**Study material:**
Content starts
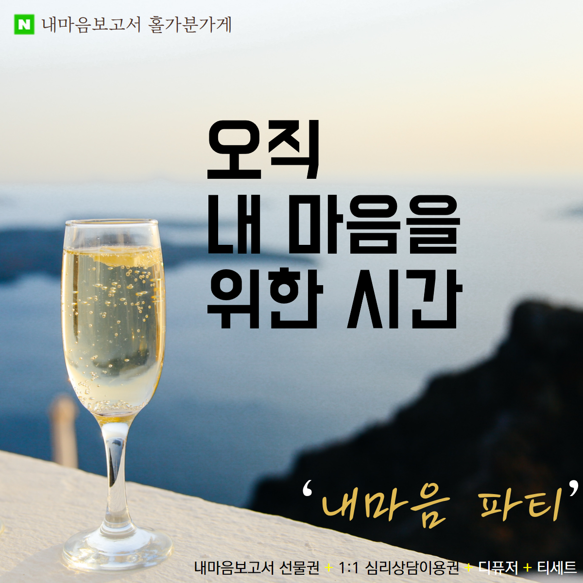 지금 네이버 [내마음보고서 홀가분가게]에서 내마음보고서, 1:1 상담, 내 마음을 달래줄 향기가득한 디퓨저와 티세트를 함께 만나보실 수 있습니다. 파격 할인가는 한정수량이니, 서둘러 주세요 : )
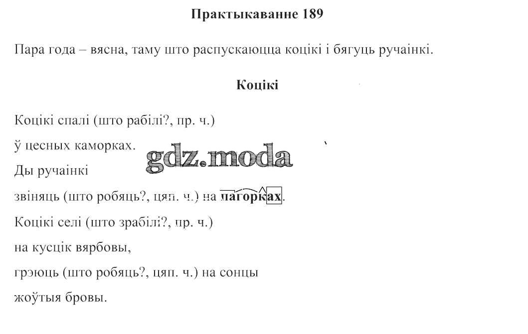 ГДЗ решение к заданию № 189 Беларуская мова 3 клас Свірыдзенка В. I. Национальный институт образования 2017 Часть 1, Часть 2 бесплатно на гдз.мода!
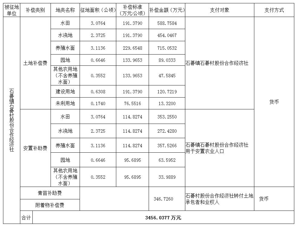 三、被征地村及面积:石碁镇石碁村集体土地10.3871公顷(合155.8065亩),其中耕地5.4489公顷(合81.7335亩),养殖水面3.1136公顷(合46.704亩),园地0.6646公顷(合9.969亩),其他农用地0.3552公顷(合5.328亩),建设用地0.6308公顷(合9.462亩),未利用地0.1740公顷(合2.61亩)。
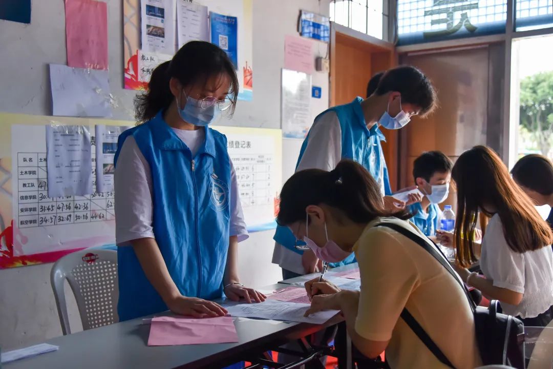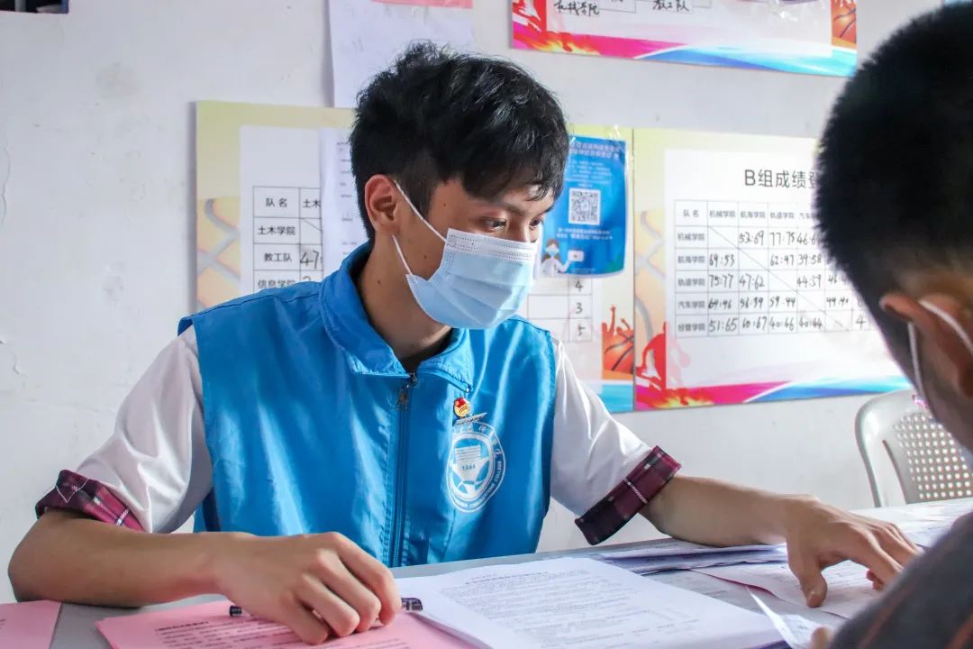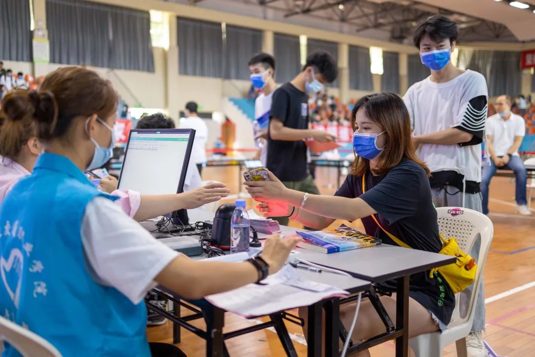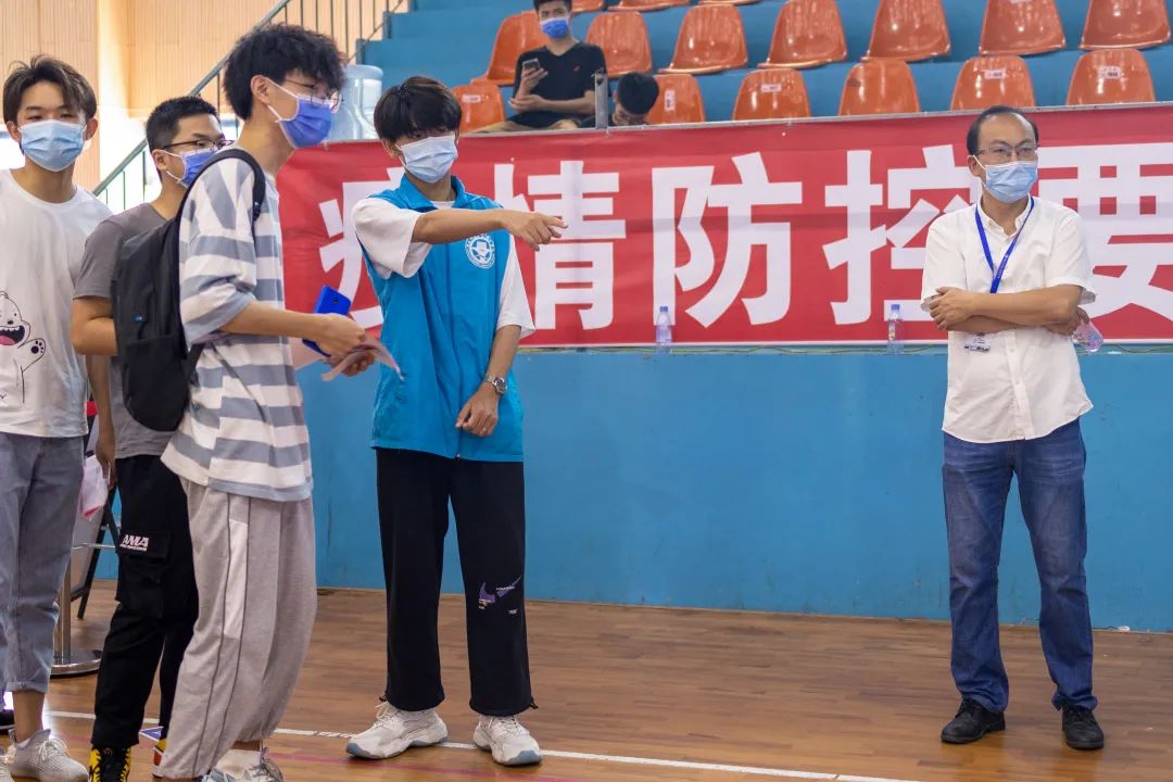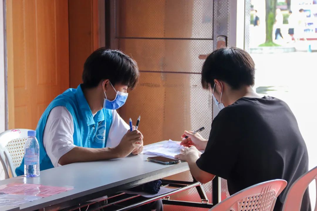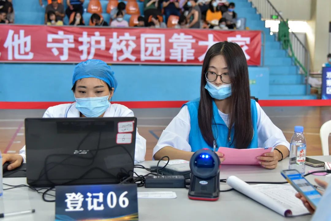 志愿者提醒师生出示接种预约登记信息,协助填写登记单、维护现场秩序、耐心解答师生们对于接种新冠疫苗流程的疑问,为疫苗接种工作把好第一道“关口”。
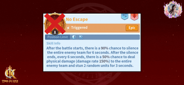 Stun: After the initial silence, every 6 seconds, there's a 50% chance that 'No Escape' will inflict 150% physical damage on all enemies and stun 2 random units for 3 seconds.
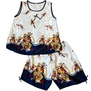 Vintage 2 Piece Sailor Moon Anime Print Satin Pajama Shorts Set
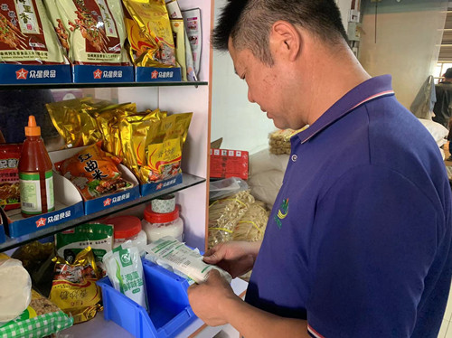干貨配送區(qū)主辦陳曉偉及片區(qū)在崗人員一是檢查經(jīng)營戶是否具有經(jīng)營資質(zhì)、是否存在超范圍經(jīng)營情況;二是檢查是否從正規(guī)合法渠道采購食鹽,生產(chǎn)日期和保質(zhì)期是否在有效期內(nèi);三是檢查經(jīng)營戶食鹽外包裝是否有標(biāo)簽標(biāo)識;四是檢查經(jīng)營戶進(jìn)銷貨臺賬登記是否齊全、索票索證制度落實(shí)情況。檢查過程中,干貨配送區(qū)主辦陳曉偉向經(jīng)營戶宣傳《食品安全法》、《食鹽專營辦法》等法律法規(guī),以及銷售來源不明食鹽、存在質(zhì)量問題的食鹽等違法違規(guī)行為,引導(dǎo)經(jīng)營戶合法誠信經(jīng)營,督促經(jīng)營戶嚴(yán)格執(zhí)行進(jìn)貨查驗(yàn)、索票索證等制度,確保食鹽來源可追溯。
Content ends
**Requirement:** Reproduce the listing above only between the lines holding "志愿者提醒师生出示接种预约登" and "Vintage 2 Piece", inclusive. Every line must match exactly, and pictures are dropped.

**Response:**
 志愿者提醒师生出示接种预约登记信息,协助填写登记单、维护现场秩序、耐心解答师生们对于接种新冠疫苗流程的疑问,为疫苗接种工作把好第一道“关口”。
 Stun: After the initial silence, every 6 seconds, there's a 50% chance that 'No Escape' will inflict 150% physical damage on all enemies and stun 2 random units for 3 seconds.
 Vintage 2 Piece Sailor Moon Anime Print Satin Pajama Shorts Set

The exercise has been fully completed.